Столовая министра иностранных дел графа Нессельроде вся в цветах. За воздушными блинами суфле Дмитрий Львович Нарышкин, напудренный, в чулках и башмаках, с алмазною звездою на черном фраке. Подле монументальной хозяйки увядающая, но еще прекрасная Марья Антоновна: над пунцовым беретом перья марабу. «Sante des dames!» Шампанское пенится и блещет в граненых бокалах.
У Скобелева солдатские со снетками румяные блины. Один за другим проходят в столовую желчный хромой Воейков, рябой насмешник Сенковский, остроумный разговорчивый Греч. К блинам пока еще не приступали: ждут генерала Дубельта. Мелодический звонок; в передней звякнули шпоры, мелькнул голубой мундир. Старый дворецкий из бывших денщиков разливает по серебряным чаркам тминную; расторопный инвалид несет на блюде под салфеткой стопку дымящихся блинов. Двумя уцелевшими пальцами единственной руки берется хозяин за ноздреватый, душистый блин; окунув его в густое янтарное масло, обмакивает в сметану.
Суетливо выбегают из департаментов голодные чиновники. От бумаг к блинам!
На Адмиралтейской площади народное гулянье. С раскатистым радостным хохотом праздничная толпа теснится, толкаясь подле огромных красной меди самоваров; пьет горячий сбитень с калачами, грызет орехи, жует леденцы и пряники. На жаровнях груды пухлых блинов. В балаганах орут и кривляются пестрые штукари; оркестры оглушительно грохочут.
В розовых лучах морозного вечера крыши отсвечивают чистым золотом;
по белым стенам расползаются голубые тени. Из труб выплывает кровавыми клубами тяжелый дым.
Но вот уж заря угасает, уж начинают светиться окна, подъезды и фонари. На темном небе бледный круг туманного месяца точно блин со сметаной.
Фаддей Бенедиктович Булгарин из-за груды корректур рассеянно покосился на повара и снял очки.

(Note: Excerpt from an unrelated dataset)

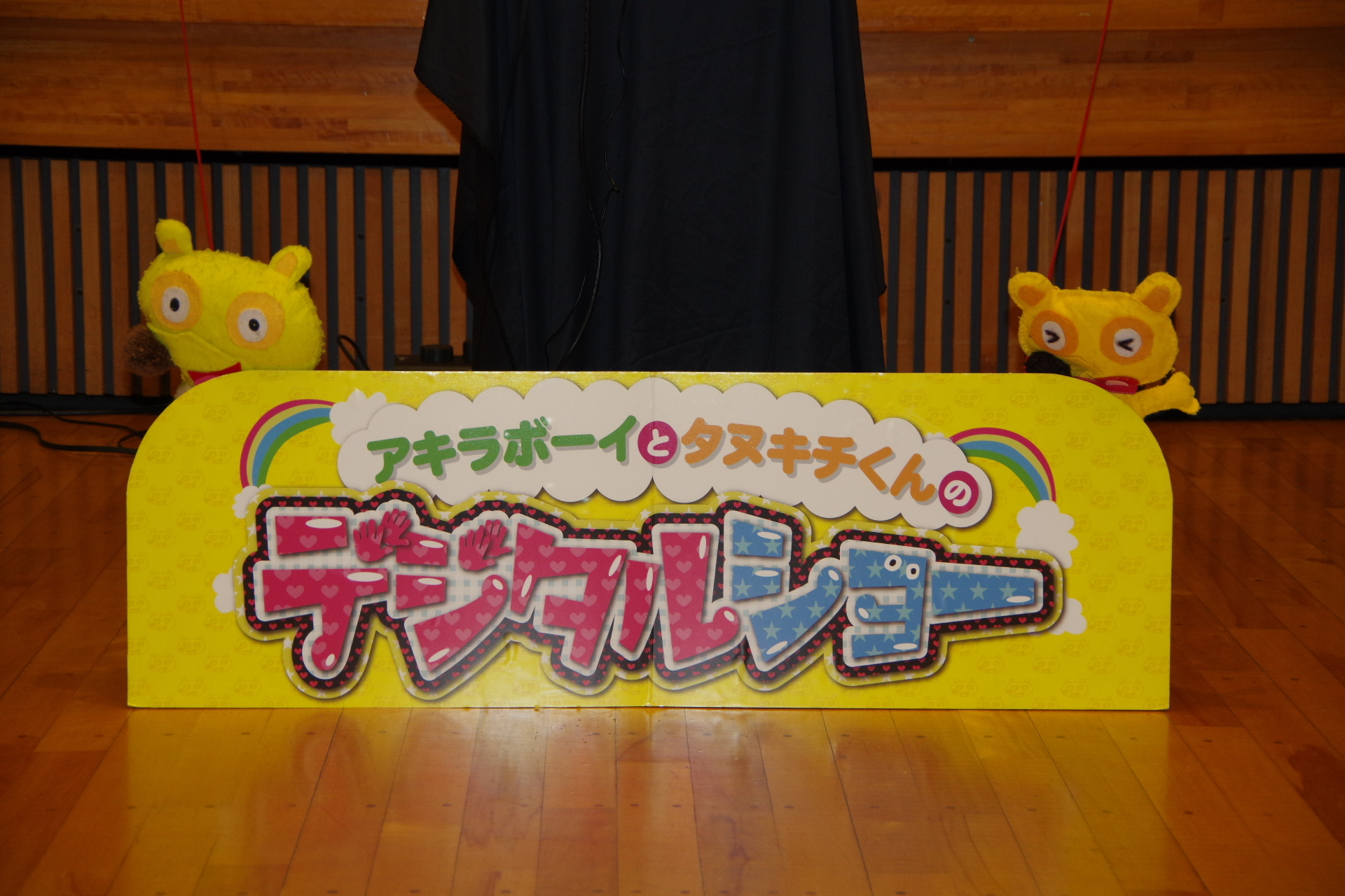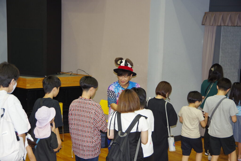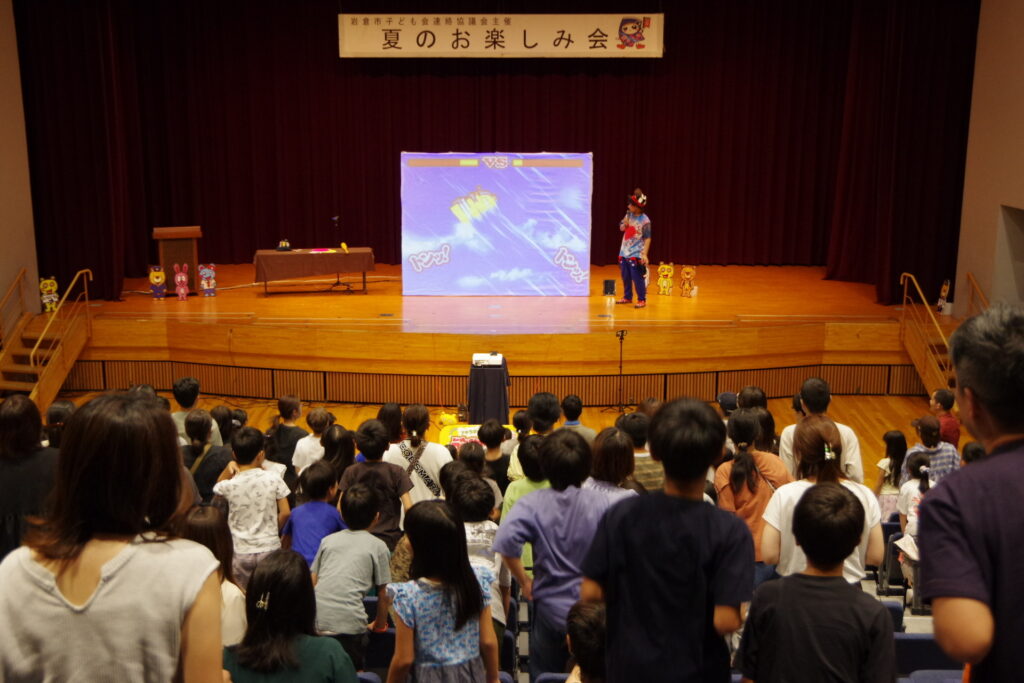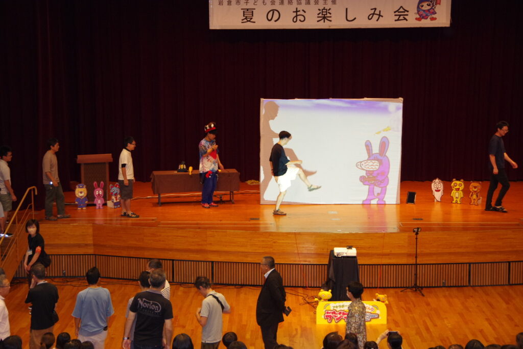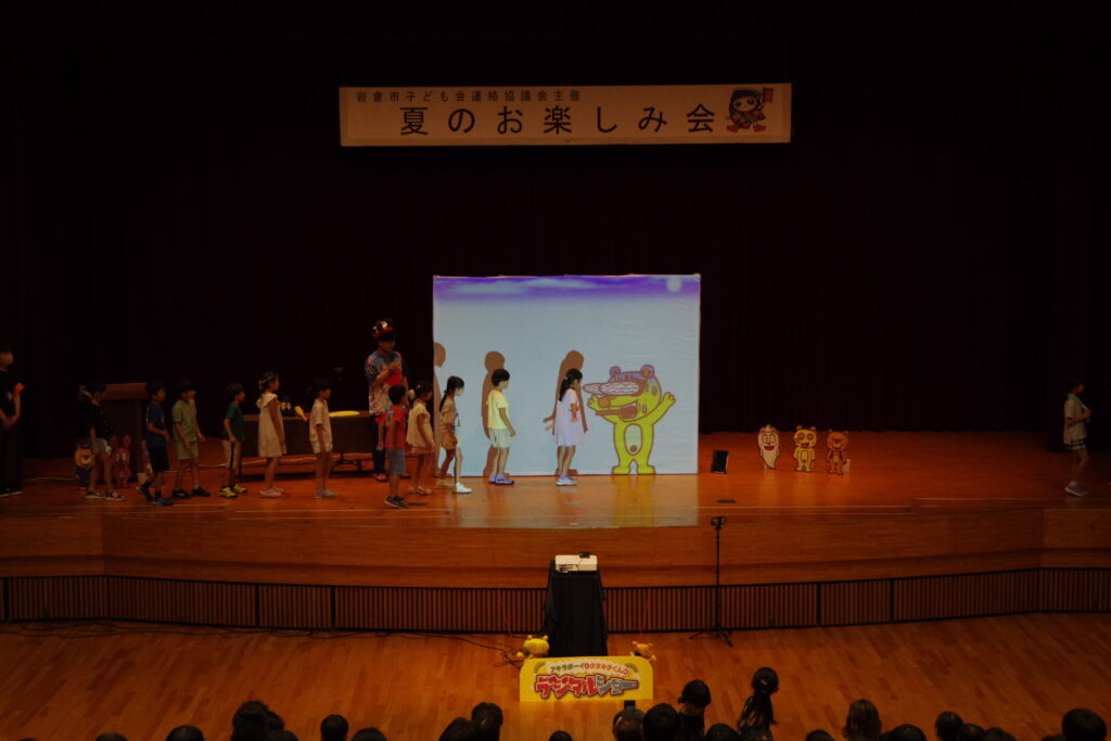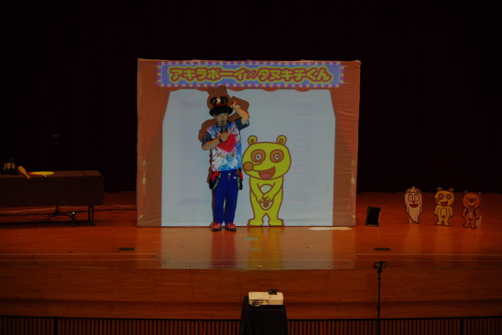 今回は、お笑い芸人アキラボーイさんによる「デジタルショー」を行いました。デジタルショーとは、‘’スクリーンの中のキャラクターと一緒に遊べる参加型のショー‘’のことです。

— Вот тебе реестрик. Возьмешь в Милютиных лавках начинку для пирога.
— Слушаю-с.
— Первым делом фунт вареного языка, да помягче. Яблоков фунт.
— Слушаю-с. Язык изрубить прикажете?
— Ну конечно, и яблоки тоже. Фунт говяжьего жиру, полтора фунта коринки, мелкого сахару столько же. В начинку пойдет по две рюмки коньяку и мадеры, восьмушка кайенского перцу.
— Вино, сударь, когда выливать?
— Все равно. Еще положишь два толченых мускатных ореха и двадцать три гвоздики: ни больше, ни меньше. Пол-осьмушки корицы в порошке, варенного в сахаре цуката да померанцев фунт: вот и все.
— Тесто слоеное, сударь?
— Слоеное, на железном листе. Ступай.
Фаддей Бенедиктович плотный здоровяк, с мягкой шеей, с румяными губами. Зеленый польский кунтуш в затейливых шнурах, бухарские туфли. Под столом ковер из шкуры волка, убитого в окрестностях Карлова; на стене трофей двенадцатого года: заржавленный французский мушкетон.
Булгарин взял со стола костяную флейту и приложил к губам. По розовому круглому лицу расплылось блаженное спокойствие. Играет Фаддей Венедик-тович в лад мыслям: то весело, то печально.
— Я негодяй и с этим именем перейду в потомство. Так тому и быть. Есть общие козлы отпущения: каждый, кому угодно, может упражнять на их физиономиях свои кулаки. Я беру взятки с купцов, меня зовут перебежчиком…
Флейта не поет, а рыдает.
— Так что же делать? все у нас дерут с живого и с мертвого. А ежели частному приставу брать дозволяется, то почему бы не взять и мне? В литературе я частный пристав. За то, что я перебежал от Наполеона к Кутузову и обратно, можно ли упрекать поляка? Ведь у нас отечества нет.
Флейта неожиданно засмеялась.
— Я не белоручка, но и не подлец. На войне я спас человека; это всем известно. Я автор «Выжигина»: разве романом моим не восхищаются читатели? Его можно дать девушке, юноше, даже подростку: он никого не соблазнит.
Флейта начинает веселеть.
— Российская империя держится только немцами. Стоит голштинцам уйти, и пиши пропало. Нет подлости, на которую не способен русский кацап. Вот почему от Рюрика, первого русского немца, и до нынешнего дня основано все на рабском предательском страхе. И вот почему жандармы у нас останутся всегда. Царя не будет, а жандармы будут. Да что говорить о царе, если и с Богом то же? Русский ведь только снаружи помазан церковным елеем, а дай ему волю, он тотчас же бросит крестить, отпевать и венчаться. Тьфу, быдло, песья кровь!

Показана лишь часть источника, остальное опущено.